Лера наслаждалась спокойным вечером. Все, как она любит: телик, бокал вина и ужин, заботливо оставленный мамой, который следовало лишь разогреть. В ожидании, пока все приготовится, девушка уселась с бокалом каберне на широкий подлокотник кресла и погрузилась в события, происходящие на экране. Она видела «Приключения Шерлока Холмса и доктора Ватсона», наверное, раз двадцать, но старый советский сериал ей никогда не надоедал: с самого детства она обожала актерский дуэт Василия Ливанова и Виталия Соломина, весьма правдоподобно изображающих английских джентльменов. Некоторые Лерины ровесники понятия не имели о существовании такого сериала. Она видела множество фильмов, поставленных по произведениям Артура Конан Дойла, однако только Ливанов и Соломин полностью соответствовали ее представлению о том, какими должны быть «настоящие» английские сыщики!
На экране доктор Мортимер как раз в красках описывал им легенду о собаке Баскервиллей, и Лера, сама того не сознавая, шевелила губами, так как слово в слово помнила его монолог вплоть до интонаций, когда зазвонил телефон.

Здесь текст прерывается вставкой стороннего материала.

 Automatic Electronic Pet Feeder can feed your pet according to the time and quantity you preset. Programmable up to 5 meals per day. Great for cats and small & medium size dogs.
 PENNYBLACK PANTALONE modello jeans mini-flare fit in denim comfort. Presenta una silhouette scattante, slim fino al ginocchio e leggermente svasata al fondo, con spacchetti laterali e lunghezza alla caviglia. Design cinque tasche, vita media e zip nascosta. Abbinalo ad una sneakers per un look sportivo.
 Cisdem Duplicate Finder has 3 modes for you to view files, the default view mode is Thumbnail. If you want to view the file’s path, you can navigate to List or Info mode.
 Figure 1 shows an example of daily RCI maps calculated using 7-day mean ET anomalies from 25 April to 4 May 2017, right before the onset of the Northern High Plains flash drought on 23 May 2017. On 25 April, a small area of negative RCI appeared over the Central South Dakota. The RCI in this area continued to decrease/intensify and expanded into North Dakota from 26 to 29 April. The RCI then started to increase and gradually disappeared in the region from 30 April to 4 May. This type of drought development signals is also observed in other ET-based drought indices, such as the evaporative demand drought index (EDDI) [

Если бы это оказалась сестра или мама, она не стала бы отвечать, предпочтя досмотреть кино, но на экране высветилось слово «Геморрой». Под этим именем у Леры значился оперативник Виктор Логинов, и она, тяжело вздохнув, сняла трубку.
– Слушай, ты знаешь, где находится Музыкальный театр? – раздался в ухе его резкий голос.

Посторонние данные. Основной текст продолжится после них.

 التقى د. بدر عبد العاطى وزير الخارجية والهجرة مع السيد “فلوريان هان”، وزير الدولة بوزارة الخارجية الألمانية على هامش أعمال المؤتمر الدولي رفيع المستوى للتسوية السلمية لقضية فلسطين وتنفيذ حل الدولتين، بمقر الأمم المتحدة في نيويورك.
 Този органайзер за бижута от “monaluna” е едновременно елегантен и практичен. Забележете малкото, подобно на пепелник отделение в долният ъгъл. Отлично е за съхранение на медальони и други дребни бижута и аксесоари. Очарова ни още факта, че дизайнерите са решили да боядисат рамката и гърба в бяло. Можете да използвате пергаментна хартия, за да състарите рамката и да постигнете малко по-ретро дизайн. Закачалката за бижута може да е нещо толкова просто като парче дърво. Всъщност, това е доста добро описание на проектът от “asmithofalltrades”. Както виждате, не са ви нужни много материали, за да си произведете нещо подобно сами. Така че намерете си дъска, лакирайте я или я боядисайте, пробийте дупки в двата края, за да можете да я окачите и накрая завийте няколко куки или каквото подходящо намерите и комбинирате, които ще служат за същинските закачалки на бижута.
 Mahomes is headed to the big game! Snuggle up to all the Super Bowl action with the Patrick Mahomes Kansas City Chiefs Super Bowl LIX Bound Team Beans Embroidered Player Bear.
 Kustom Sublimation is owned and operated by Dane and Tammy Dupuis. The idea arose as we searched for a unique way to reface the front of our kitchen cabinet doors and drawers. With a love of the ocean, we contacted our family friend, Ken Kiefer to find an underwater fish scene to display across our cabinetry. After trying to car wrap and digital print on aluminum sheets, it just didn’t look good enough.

– Разумеется, а в чем дело? – насторожилась она.
– Приезжай.
– Зачем?
– Я приглашаю тебя на спектакль. Черт, Медведь, у нас убийство!
– Кто… – но он уже отключился.
Убийство в театре? В театре, где служит Кирилл Третьяков? Но почему Лера подумала сразу о нем, ведь труппа большая, и там работает множество людей, причем многие из них не артисты, а, к примеру, костюмеры, художники, гримеры, да и просто рабочие сцены! Мгновенно утратив интерес к происходящему на экране, Лера выключила телевизор и выскочила в прихожую, где висело ее пальто.

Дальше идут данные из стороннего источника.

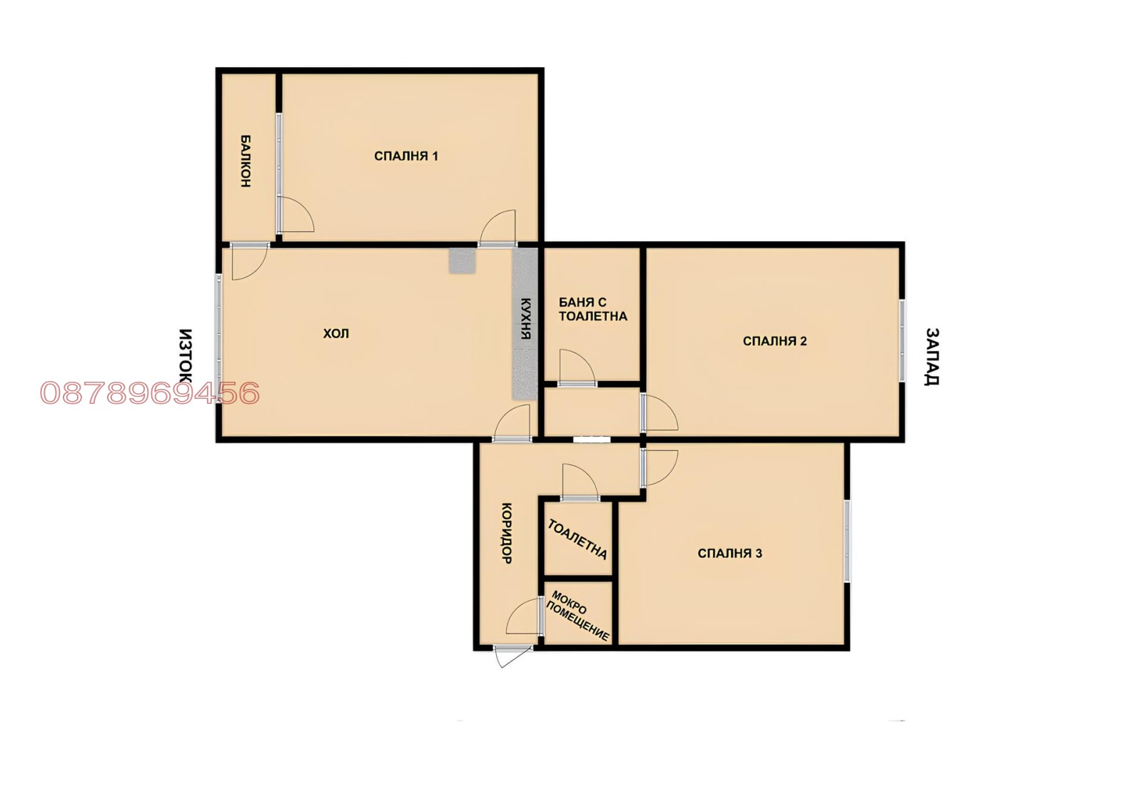Разпределение: Г-образен коридор, хол с модерна кухня, 3 самостоятелни спални, баня с тоалетна, отделна втора тоалетна, мокро помещение и тераса. Към имота има и мазе (4.47 кв.м.).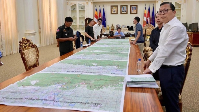在洪森發佈的照片中,他正與團隊圍站在工作台旁,桌上攤開一張清晰可見的大型作戰地圖。幾分鐘後,包含地圖細節的照片被刪除,僅保留展示指揮室整體氛圍的照片。

Андрей Сергеевич Бахметьев, штатный психолог-профайлер СК, нравился Алле: он был достаточно молод, чтобы соответствовать современным тенденциям в науке, но вполне опытен, чтобы претендовать на звание эксперта. Она имела с ним дело во время предыдущих расследований, и эксперт не раз давал ей дельный совет, хоть и не уставал повторять, что, мол, психология – это не математика, наука неточная, а посему нельзя исключать того, что составленный профиль окажется ошибочным, ведь, помимо «вводных», получаемых специалистом, существует множество внешних факторов, влияющих на поведение фигуранта, о которых ничего не известно.
– Я согласен, что это – дело рук нестабильной личности, – изрек Бахметьев, просмотрев снимки с места происшествия и из морга. Это заняло у него не более пяти минут.
– Маньяка? – с замиранием сердца спросила Алла.
– Не могу сказать, – покачал он головой. – Вы же сами отметили, что о других подобных преступлениях сведений пока не поступало, так?
– Так, – вынуждена была признать она. – А что вы можете сказать о преступнике, имея только одну жертву?
– В сущности, количество жертв значения не имеет, как бы цинично это ни звучало: я многое могу сказать, видя лишь одну. Во-первых, данное убийство – точно не случайное: фигурант его тщательно спланировал…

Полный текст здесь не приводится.